Dynamic chapter headings?

I have my book structured to where the chapter header, example,
Chapter One
Name
is in its own file. I would like to be able to call the title of this file as the name but when I try <$title> it doesnt work on compile yet <$t> works on numbers. It would be a super nifty thing to change the chapter name by renaming the title within the binder
Can anyone help me or must I manually change it within the actual file?

Have you explored Scrivener’s capability to generate headings for you, using those same binder titles (or even ignoring them entirely and building generic titles like “Chapter 21”)? Under normal conditions there should be no reason to type the title into a text editor. Generating them automatically means one central definition for the content and formatting of headings, as well as keeping ugly counting codes and whatnot out of the editor or binder.

For example you can go into the Formatting compile option pane, click on the folder icon to change how folders print and click the “Title” checkbox. Now all you have to do is style the heading using the mock editor below. The Section Layout button is where you would insert boilerplate content like counters, line breaks and so forth.

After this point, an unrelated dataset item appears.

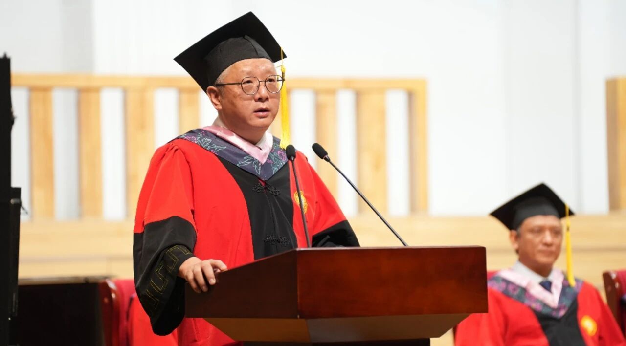 王思琦在致辞中,首先向全体毕业生致以热烈祝贺,向辛勤耕耘的教师们致以崇高敬意。随后,他以“明德新民、止于至善”的校训为引,寄语毕业生秉持“立德、修身、乐艺、践行”的院训,激励毕业生们在未来的人生道路上,以修身为基、以践行为帆,恪守本心,笃行不怠,在各自的领域书写无愧于青春、无愧于母校的精彩篇章。随着《河南大学校歌》的旋律缓缓响起,这场充满温情与感动的毕业典礼落下帷幕。熟悉的曲调,既是对四年求学时光的深情回望,更是迈向人生新征程的激昂号角。

Most of our templates work this way by default, incidentally, so if you’d like to see an example all wired up for use, check out one of those. Some, like the general non-fiction template, demonstrate more complex examples as well. In that one, folders at level one of the outline will generate chapter headings, while folders at lower levels will insert simple headings in decreasing font sizes the deeper the outline level.

Ok, cool, that’s one nifty thing, but what about the images that I want above the chapter number?
Edit:
oh yeah, How would I get the curly quotes and change the underline back to italics in the compiled document oh never mind, I started poking about and adjusting a few things. This is kinda cool now, I take it if I compile for kindle/ebooks that it would do the same thing?